Просто мне нужно кое о чем серьезно подумать. Письмо Бориса, такое важное, счастливое, необычайное для меня, в один миг перевернуло всю мою, уже ставшую привычной, хорошо налаженную жизнь. «Никуда из Воронежа не уезжай». А я уехала. «Не могу даже подумать, что в суматохе эвакуации ты где-нибудь потеряешься…» А теперь, в суматохе отступления фронта, в рукопашном бою, в наступлении, на переправе, под обстрелом или бомбежкой, разве я не могу потеряться, погибнуть? Целый вихрь мыслей и чувств кружит мне голову. Приходит даже мгновение, когда я начинаю жалеть, что получила это столь долгожданное письмо. Потому что не вижу из создавшегося положения выхода. Вернее, выход есть, но он все тот же, какой я уже выбрала.

Я должна, я обязана ехать на фронт!

Борька пишет: «…как только мы разобьем фашистов».

Да, мы.

Но мы — это я и он. Как только мы с ним разобьем фашистов, так мы встретимся и поженимся и больше уже никогда не расстанемся. Мы всегда будем вместе. Всю нашу долгую, послевоенную, мирную жизнь.

А иначе мне и счастья не нужно.

Не хочу его никакой другой ценой!

2

Я лежу на бруствере, прикрыв ладонью глаза.
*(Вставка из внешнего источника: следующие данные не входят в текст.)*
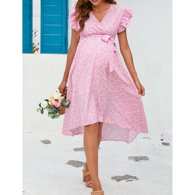 Women's Maternity Boho Ruffles Short Sleeve Dress Floral Smocked Scoop Neck Midi Dress for Baby Shower Photoshoot
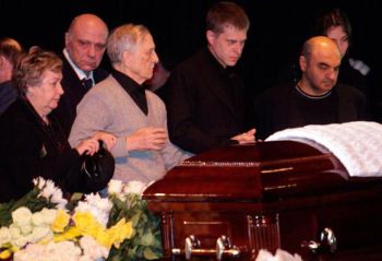 | Второй муж певицы бывший журналист-международник Юрий Папоров (второй слева) и их общий сын Николай (рядом) у гроба Валентины Толкуновой. От 87-летнего Папорова поначалу скрывали смерть супруги, так как он тяжело болен. С сыном отношения у Валентины Васильевны начали налаживаться лишь в последние месяцы ее жизни |
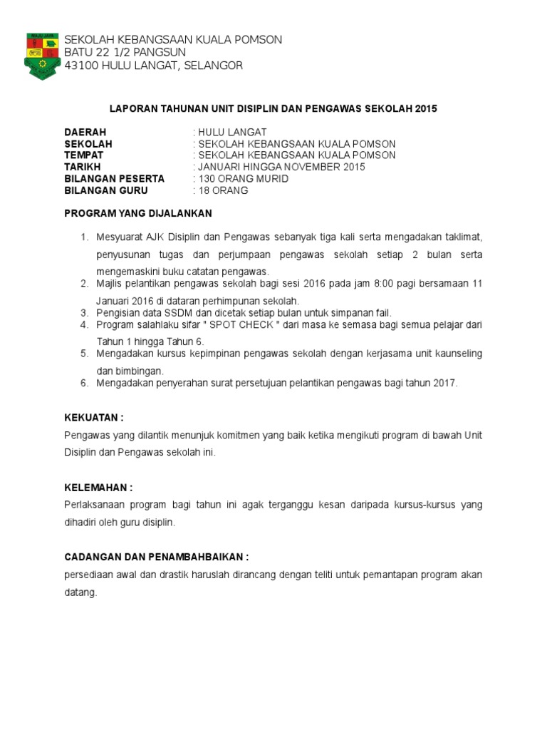 Laporan Tahunan Unit Disiplin Dan Pengawas Sekolah 2015
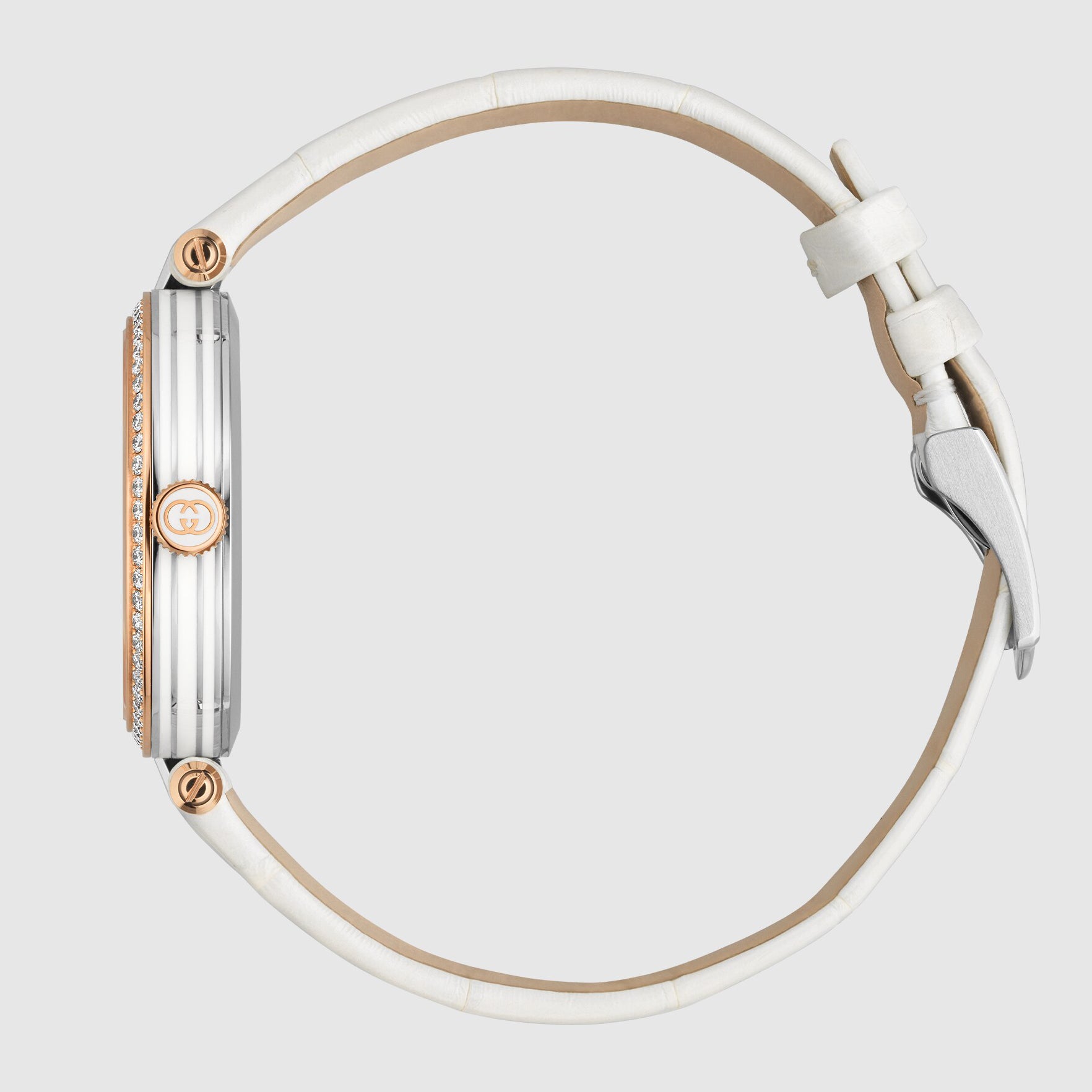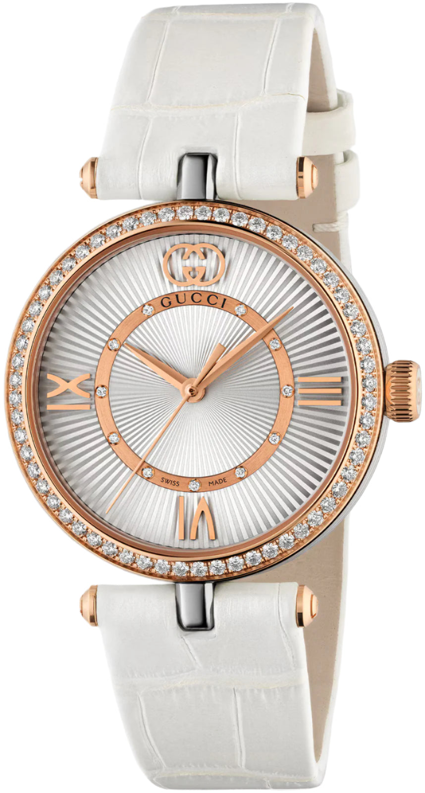 This Gucci Model 2000 watch reference YA167509 is crafted from stainless steel and measures a diameter of 30mm. A rose gold PVD coated finish has been applied to the crown and the dazzling bezel, which has been set with an array of round brilliant cut diamonds. On the dial itself, more rose gold accents continue into the hands and the Roman numerals. An inner band of rose gold has also been adorned with diamond detailing, while the Interlacing G motif at 12 o’clock and the silver ripple effect outer section add further detail to the design. Gucci experts equip this Model 2000 watch with a quartz movement and fit it with a classic white alligator leather strap to complete its ultra feminine look.

И думаю, думаю. Неужели Борька любит меня? Такой темнобровый, сероглазый…

Я вспоминаю его гордое, улыбчивое лицо.

Мне всегда с Борькой весело и тревожно, как будто я над пропастью прохожу. И чуть-чуть страшновато, когда он куда-то от меня «ускользает», отдаляется, остается холодным. А это бывает с ним довольно часто.

Память услужливо подсовывает один эпизод.

Борька сам пригласил меня в гости к товарищу на новоселье, в Соцгород, на левый берег реки. Мы с ним несколько опоздали. Пришли, когда все уже были тепленькими, «на взводе».

Познакомив меня с хозяевами, Борис сразу ушел с мужчинами курить на балкон, а я осталась одна под внимательными взглядами окружающих.

— Это кем же вы Банину доводитесь? — довольно бесцеремонно спросила меня высокая, худая, неопрятного вида хозяйка.

Я пожала плечами.

Конечно, я могла бы, как Женька, отбрить ее сразу, сказав, что жена. Но с Борисом я так шутить не умела. Для этого у нас с ним чересчур «фарфоровые» отношения.

Поэтому я не ответила на вопрос.

Смущенная и неловкая, я огляделась.

Комнаты у новоселов высокие, светлые, но без мебели. Еще не успели ничего купить. Поэтому праздничный «стол» накрыт на полу. На разостланной скатерти — недопитые рюмки, остатки салата, скелеты селедок. Раскрытые банки с консервами. Цветы в вазах. А гости — кто на корточках, кто на подушках, кто прямо так, на голых досочках.

Какой-то лысый толстяк в расшитой украинской рубашке тянется с бокалом вина через всю комнату к беловолосой румяной женщине в голубом шелковом платье.